National Cancer Center/National Clinical Research Center for Cancer/Cancer Hospital, Chinese Academy of Medical Sciences and Peking Union Medical College Cancer Hospital Chinese Academy of Medical Sciences, Beijing, China.

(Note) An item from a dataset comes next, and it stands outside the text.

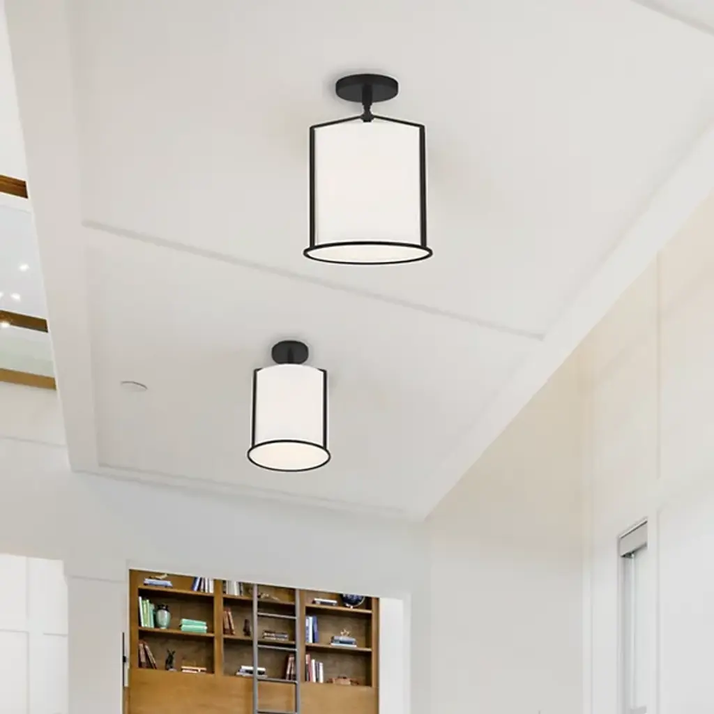 Give your home décor a mid-century modern look with the Carlyn Semi Flushmount by Crystorama. Fine metal has been worked into a collection of slender, steel arms which effortlessly surrounds a hanging drum. Within this drum rests an incandescent lamp which allows vivid light to emanate throughout your surroundings with ease. Your semi flushmount maintains its suspension in midair through attachment to a canopy at your ceiling.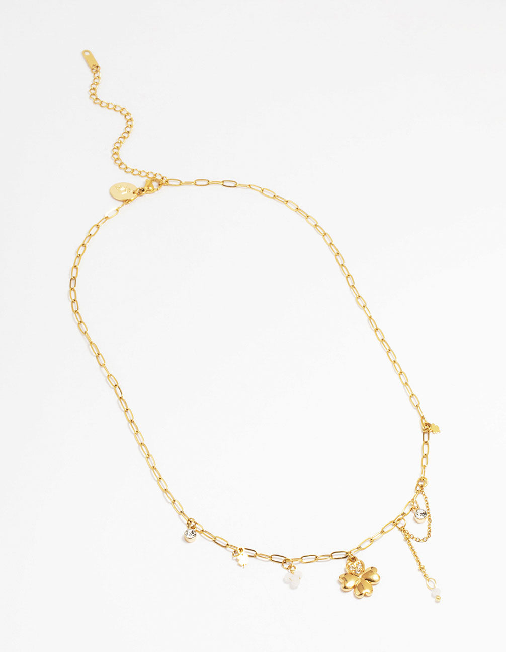 Meet the Waterproof Gold Plated Stainless Steel Clover Charm Necklace – your new go-to for effortless style and a bit of luck! With its sleek gold-plated finish and playful charms, including a dainty clover, this charm necklace is perfect for all occasions.

Qilu Hospital of Shandong University, Jinan, China.
J Clin Oncol. 2022 Aug 1;40(22):2436-2446. doi: 10.1200/JCO.21.01511. Epub 2022 Apr 11.
This phase III trial aimed to explore the efficacy and safety of fuzuloparib (formerly fluzoparib) versus placebo as a maintenance treatment after response to second- or later-line platinum-based chemotherapy in patients with high-grade, platinum-sensitive, recurrent ovarian cancer.
Patients with platinum-sensitive, recurrent ovarian cancer previously treated with at least two platinum-based regimens were assigned (2:1) to receive fuzuloparib (150 mg, twice daily) or matching placebo for 28-day cycles. The primary end points were progression-free survival (PFS) assessed by blinded independent review committee (BIRC) in the overall population and PFS by BIRC in the subpopulation with germline mutation.
Between April 30, 2019, and January 10, 2020, 252 patients were randomly assigned to the fuzuloparib (n = 167) or placebo (n = 85). As of July 1, 2020, the median PFS per BIRC assessment in the overall population was significantly improved with fuzuloparib treatment (hazard ratio [HR], 0.25; 95% CI, 0.17 to 0.36; one-sided < .0001) compared with that with placebo. The HR derived from a prespecified subgroup analysis showed a consistent trend of benefit in patients with germline mutations (HR, 0.14; 95% CI, 0.07 to 0.28) or in those without mutations (HR, 0.46; 95% CI, 0.29 to 0.74). The most common grade ≥ 3 treatment-emergent adverse events reported in the fuzuloparib group were anemia (25.1%), decreased platelet count (16.8%), and decreased neutrophil count (12.6%). Only one patient (0.6%) discontinued fuzuloparib because of treatment-related toxicity (concurrent decreased white blood cell count and neutrophil count).
Fuzuloparib as maintenance therapy achieved a statistically significant and clinically meaningful improvement in PFS for patients with platinum-sensitive, recurrent ovarian cancer versus placebo, regardless of germline mutation, and showed a manageable safety profile.
这项 III 期临床试验旨在探索氟唑帕利(原称氟唑帕利)作为二线或后线铂类化疗后应答的维持治疗,在铂类敏感、复发性高级别卵巢癌患者中的疗效和安全性。
既往接受至少两种铂类方案治疗的铂类敏感、复发性卵巢癌患者,按照 2:1 的比例被分配接受氟唑帕利(150mg,每日两次)或匹配安慰剂,每 28 天为一个周期。主要终点是盲法独立评审委员会(BIRC)评估的总人群无进展生存期(PFS)和种系 突变亚组人群的 BIRC 评估的 PFS。
2019 年 4 月 30 日至 2020 年 1 月 10 日期间,共有 252 例患者被随机分配至氟唑帕利(n=167)或安慰剂(n=85)组。截至 2020 年 7 月 1 日,BIRC 评估的总人群中,氟唑帕利治疗的中位 PFS 显著改善(风险比[HR],0.25;95%置信区间[CI],0.17 至 0.36;单侧 <.0001),优于安慰剂组。来自预设亚组分析的 HR 显示,种系 突变患者(HR,0.14;95%CI,0.07 至 0.28)或无突变患者(HR,0.46;95%CI,0.29 至 0.74)均有一致的获益趋势。氟唑帕利组报告的最常见的≥3 级治疗相关不良事件为贫血(25.1%)、血小板计数下降(16.8%)和中性粒细胞计数下降(12.6%)。仅有 1 例患者(0.6%)因治疗相关毒性(白细胞计数和中性粒细胞计数同时下降)而停止使用氟唑帕利。
氟唑帕利作为维持治疗,与安慰剂相比,在铂类敏感、复发性卵巢癌患者中,无论是否存在种系 突变,均显著改善了 PFS,并具有可管理的安全性。